Plant Taxonomy, Identification and Field Skills Course
This new training initiative combines the expertise of scientists from the Royal Botanic Gardens, Kew to provide sessions on the identification of plant families and field survey techniques, and will demonstrate the latest appropriate field technologies. The importance of linking taxonomic, identification and survey skills with conservation initiatives will be elucidated using Kew case studies.
Learning plant identification skills (Image: RBG Kew)
This two-week course combines the expertise of Kew’s scientists to provide lectures and practicals on the identification of common plant families, field survey and analytical techniques, plant taxonomy and nomenclature, and molecular and anatomical methods in systematics.
The course is funded by the Natural Environment Research Council (NERC), which is providing competitive bursaries covering travel, accommodation, subsistence and course costs.
Dates of course
3-14 March 2014
The course runs for two weeks from 9:00–5:30 Monday–Friday
Classes are taught in the Kew department, Herbarium, Library, Art & Archives (situated next to the Main Gate to the Gardens on Kew Green); about 15 minutes’ walk from Kew Gardens Underground station (District Line/London Overground) and 10 minutes’ walk from Kew Bridge station (South West Trains).
Who is the course is designed for?
This course has been designed for PhD students and early-career researchers undertaking all aspects of environmental science but particularly ecology, botany and conservation. All environmental science students are encouraged to apply, but those applicants with existing NERC funding and/or based in the UK will be given priority.
How is the course taught?
Through short illustrated lectures, and extensive hands-on practical sessions, Kew scientists will demonstrate the key concepts in plant taxonomy, identification and field survey techniques. In addition, the course will provide a comprehensive introduction to plant taxonomy and nomenclature, including the role of molecular methods and anatomical studies in systematics, and introduce CBD and CITES legislation to place the training in context in the science-policy interface. After completing the course, participants will:
- be able to identify c. 30 plant families (focus on temperate regions; some also tropical) using key characters and relevant identification tools;
- correctly interpret scientific names and classifications
- have a comprehensive understanding and practical experience of mapping and navigation using GPS, survey skills and sampling design, selecting appropriate field tools and technologies to use;
- make botanical specimens of high scientific value;
- understand the role of molecular, phytochemical and anatomical data in systematic studies;
- be aware of the importance of linking taxonomic, identification and survey skills with conservation initiatives;
How to apply
Applications for a place on the course should be made using the application form on the course poster - download the course poster (pdf). Applications will be assessed after the closing date - NB The Deadline for applications is 1 DECEMBER 2013. For further information and a copy of the course poster, contact the course coordinators: Gemma Bramley or Tim Utteridge.

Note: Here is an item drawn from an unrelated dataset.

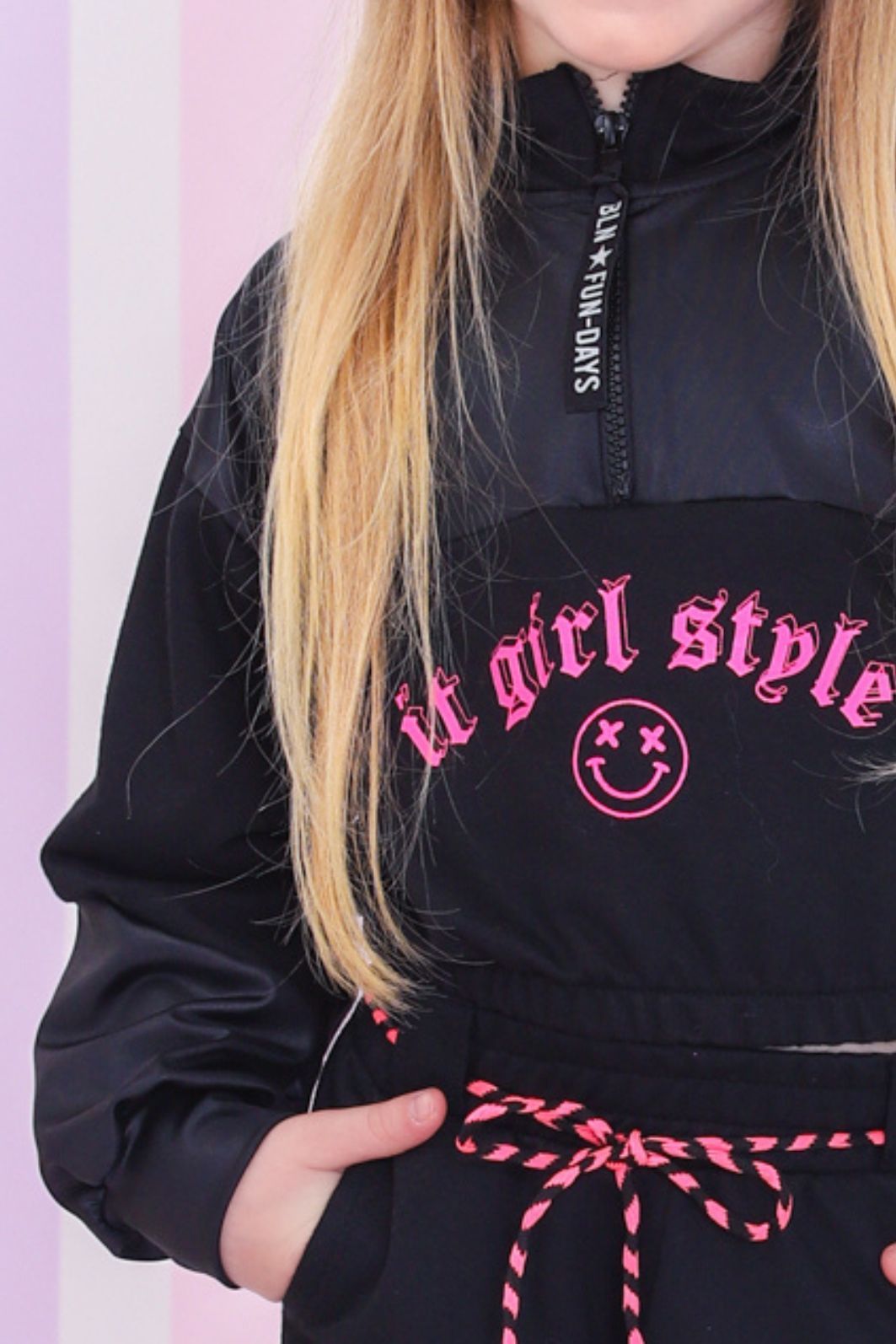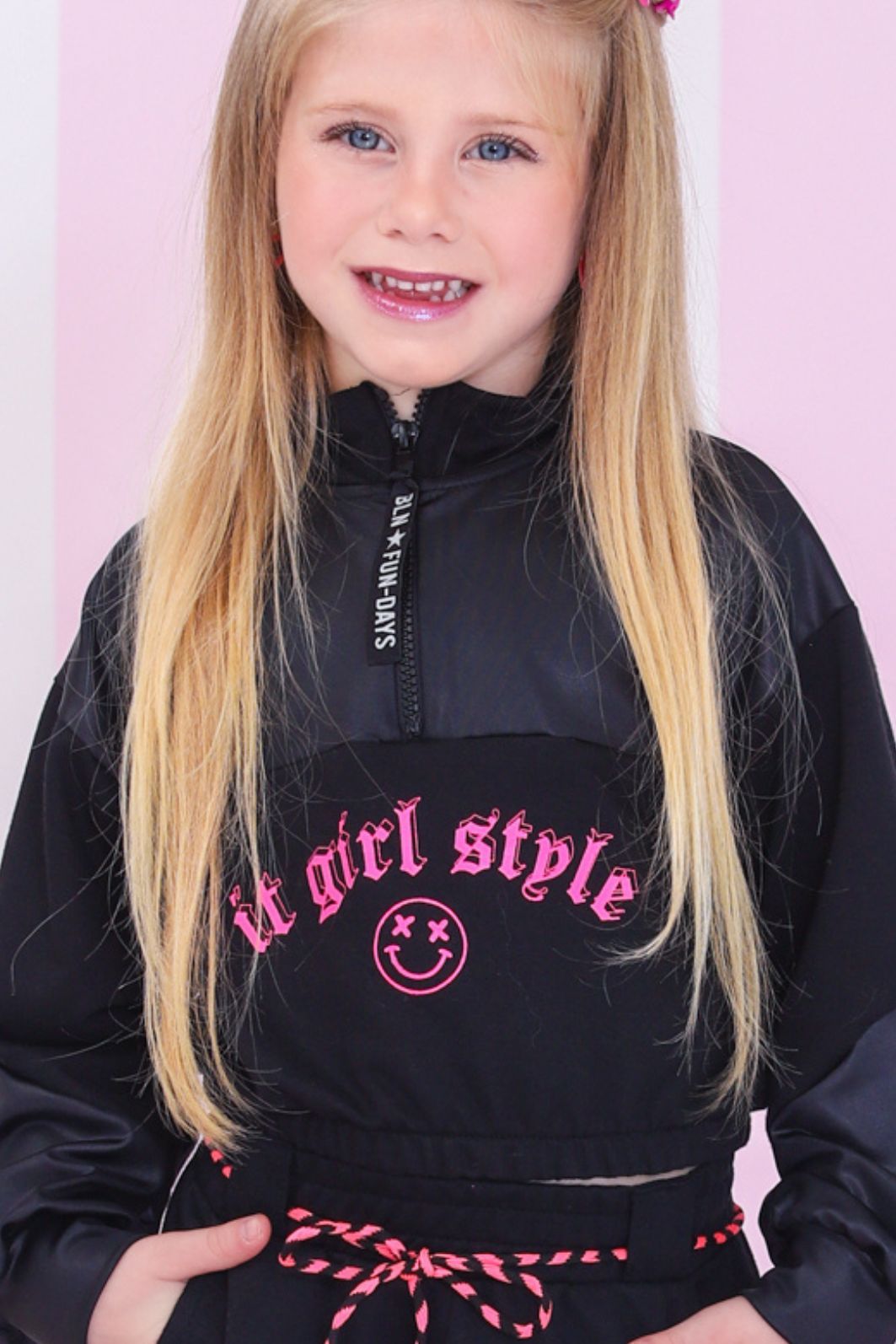 | Descrição | Moletom infantil em modelagem cropped, confeccionado em tecido macio e confortável. Possui gola alta com zíper, mangas longas e elástico na barra para melhor ajuste. Detalhe de estampa frontal. |

The course will have a maximum of 15 places, with £900 per successful applicant available to cover travel, accommodation, subsistence and course costs. Anyone can apply, but these bursaries are competitive and priority will be given to students already on NERC-funded training.
In order to attend these courses at Kew, students from outside the European Economic Area may need to apply for a Student Visitor Visa from the UK Border Agency to enter the UK. For this purpose, Kew is accredited by the British Accreditation Council for Independent Further and Higher Education as a Short Course Provider. Further information will be provided to course applicants – you will need to be accepted onto a course before you can apply for a student visitor visa.